What to produce: In the entries below, begin at the line with "Il prezzo di" and stop after the line with "Komoda z płyty"; output those lines exactly and omit the pictures.

Provided information:

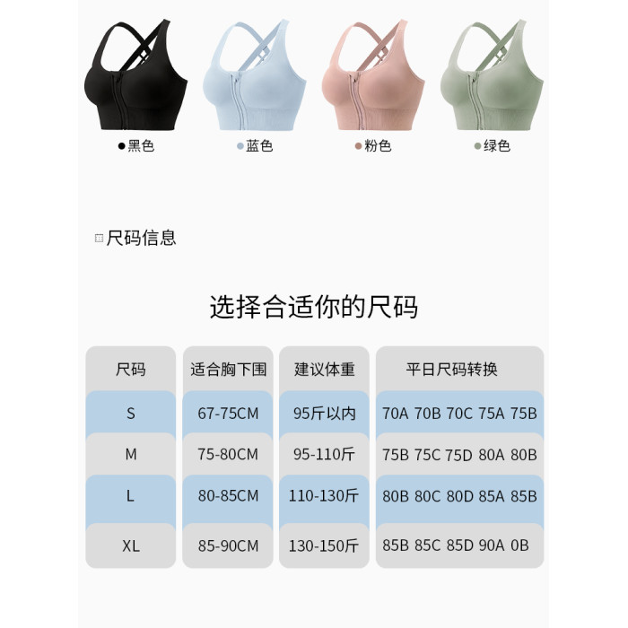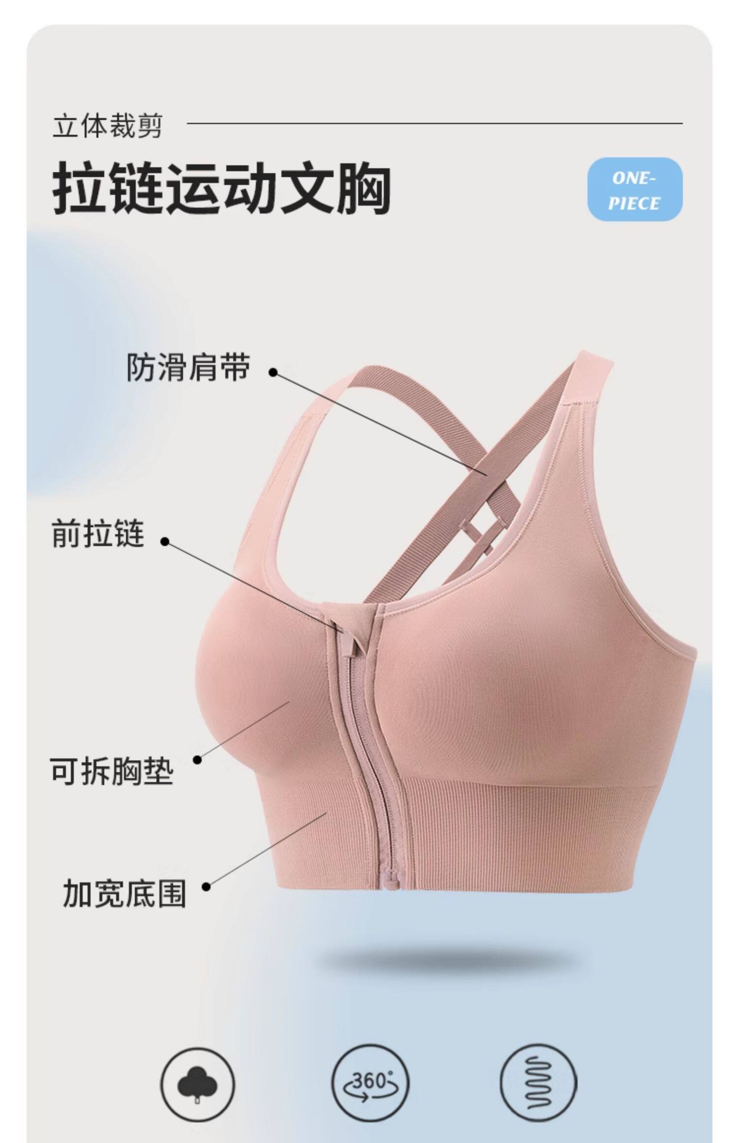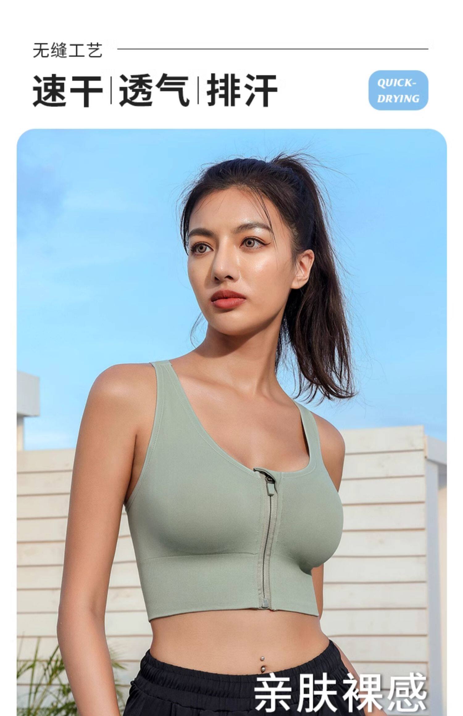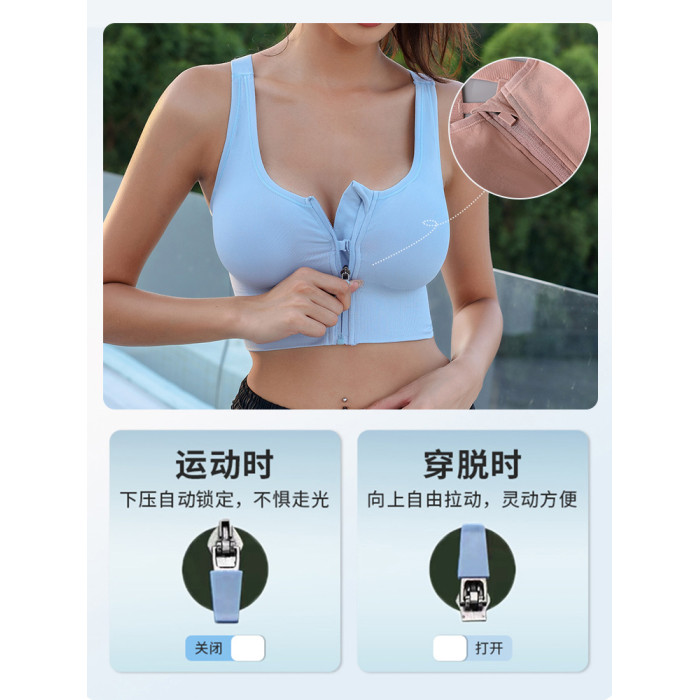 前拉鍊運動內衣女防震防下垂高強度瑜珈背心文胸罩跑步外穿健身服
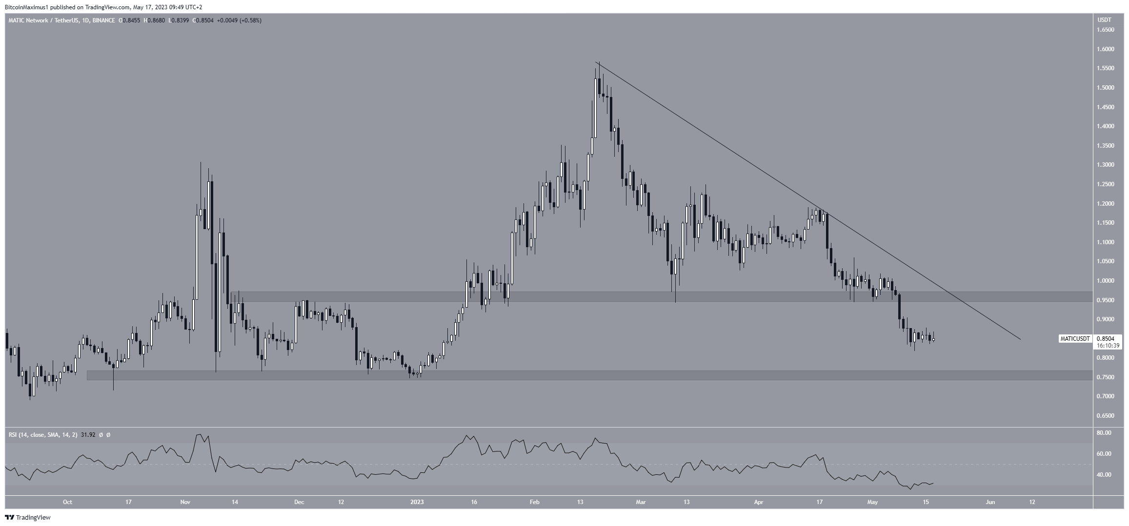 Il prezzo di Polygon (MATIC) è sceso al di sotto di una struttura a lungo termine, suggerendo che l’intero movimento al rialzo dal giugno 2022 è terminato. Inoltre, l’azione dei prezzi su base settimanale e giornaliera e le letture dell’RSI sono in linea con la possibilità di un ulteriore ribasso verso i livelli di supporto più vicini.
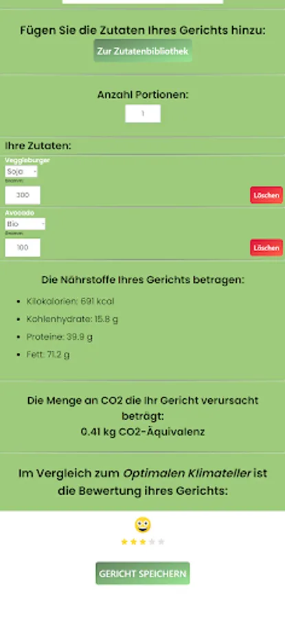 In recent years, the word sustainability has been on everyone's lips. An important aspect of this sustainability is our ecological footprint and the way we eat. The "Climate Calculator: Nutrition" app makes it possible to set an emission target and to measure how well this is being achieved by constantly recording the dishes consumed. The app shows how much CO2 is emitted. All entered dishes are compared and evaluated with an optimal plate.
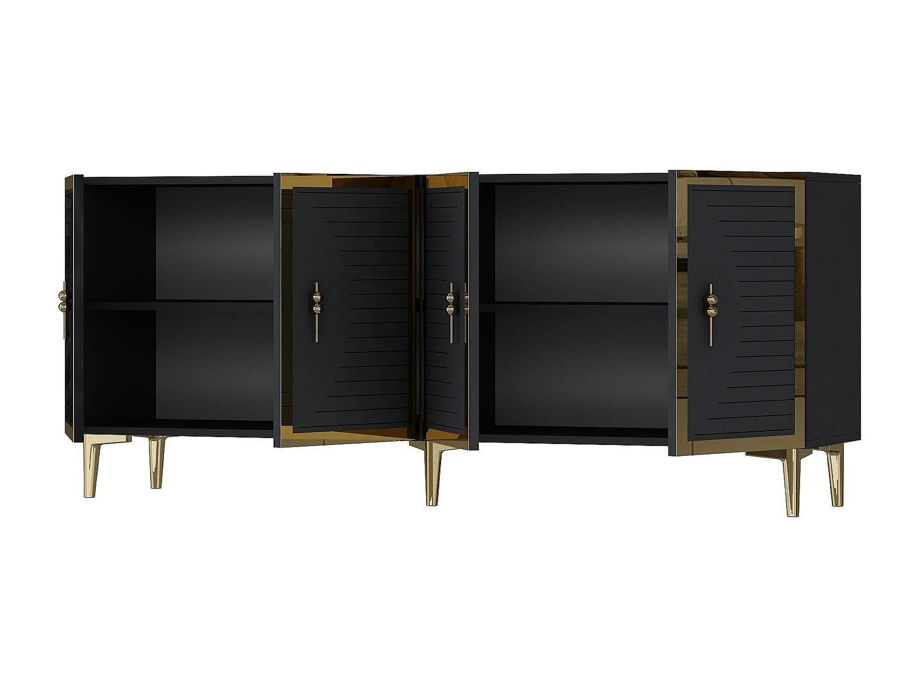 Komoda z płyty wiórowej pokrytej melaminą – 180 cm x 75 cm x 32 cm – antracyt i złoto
--
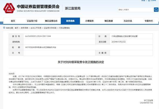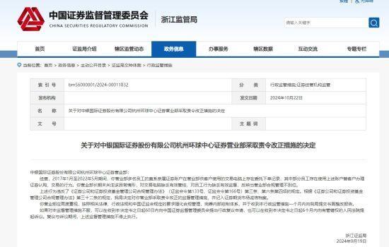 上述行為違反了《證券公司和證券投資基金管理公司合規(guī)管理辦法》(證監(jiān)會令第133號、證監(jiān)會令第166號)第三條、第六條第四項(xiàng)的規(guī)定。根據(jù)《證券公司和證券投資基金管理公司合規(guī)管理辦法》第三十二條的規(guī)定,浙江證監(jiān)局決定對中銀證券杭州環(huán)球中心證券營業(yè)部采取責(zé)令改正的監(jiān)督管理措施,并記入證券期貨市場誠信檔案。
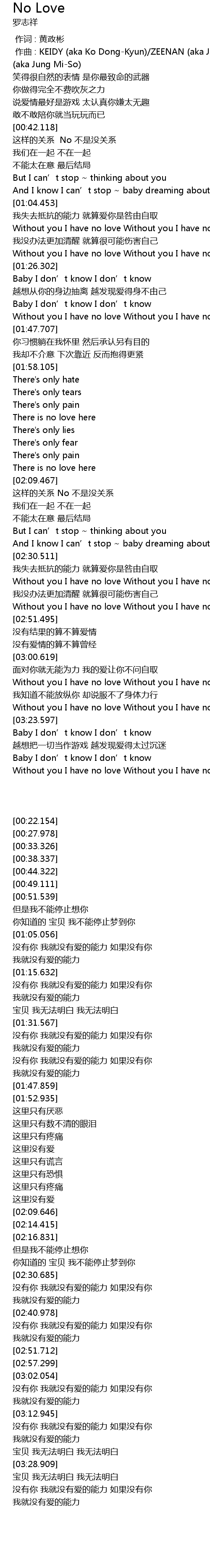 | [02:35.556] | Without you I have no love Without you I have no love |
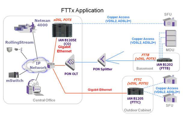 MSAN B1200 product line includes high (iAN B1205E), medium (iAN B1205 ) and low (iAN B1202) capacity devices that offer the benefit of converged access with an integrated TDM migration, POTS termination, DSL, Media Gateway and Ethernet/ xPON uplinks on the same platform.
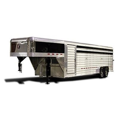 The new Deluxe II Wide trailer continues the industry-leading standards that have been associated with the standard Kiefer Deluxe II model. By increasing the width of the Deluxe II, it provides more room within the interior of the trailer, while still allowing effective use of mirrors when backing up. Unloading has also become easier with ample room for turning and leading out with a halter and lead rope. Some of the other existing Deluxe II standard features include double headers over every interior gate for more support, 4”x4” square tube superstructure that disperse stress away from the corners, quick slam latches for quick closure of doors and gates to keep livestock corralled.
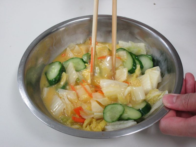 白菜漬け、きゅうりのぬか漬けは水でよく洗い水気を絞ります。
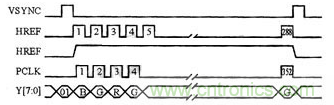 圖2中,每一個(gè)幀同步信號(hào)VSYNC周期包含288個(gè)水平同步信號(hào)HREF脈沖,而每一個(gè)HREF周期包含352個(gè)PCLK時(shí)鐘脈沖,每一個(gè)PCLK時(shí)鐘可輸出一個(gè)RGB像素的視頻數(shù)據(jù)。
...
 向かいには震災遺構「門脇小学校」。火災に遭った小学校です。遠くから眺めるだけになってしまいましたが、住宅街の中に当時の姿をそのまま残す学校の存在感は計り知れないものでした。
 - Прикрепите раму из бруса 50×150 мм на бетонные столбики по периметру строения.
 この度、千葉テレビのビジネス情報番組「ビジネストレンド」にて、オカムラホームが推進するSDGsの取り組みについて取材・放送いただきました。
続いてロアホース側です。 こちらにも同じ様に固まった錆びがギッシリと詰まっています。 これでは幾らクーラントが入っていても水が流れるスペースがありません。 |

Answer below:
 Il prezzo di Polygon (MATIC) è sceso al di sotto di una struttura a lungo termine, suggerendo che l’intero movimento al rialzo dal giugno 2022 è terminato. Inoltre, l’azione dei prezzi su base settimanale e giornaliera e le letture dell’RSI sono in linea con la possibilità di un ulteriore ribasso verso i livelli di supporto più vicini.
 In recent years, the word sustainability has been on everyone's lips. An important aspect of this sustainability is our ecological footprint and the way we eat. The "Climate Calculator: Nutrition" app makes it possible to set an emission target and to measure how well this is being achieved by constantly recording the dishes consumed. The app shows how much CO2 is emitted. All entered dishes are compared and evaluated with an optimal plate.
 Komoda z płyty wiórowej pokrytej melaminą – 180 cm x 75 cm x 32 cm – antracyt i złoto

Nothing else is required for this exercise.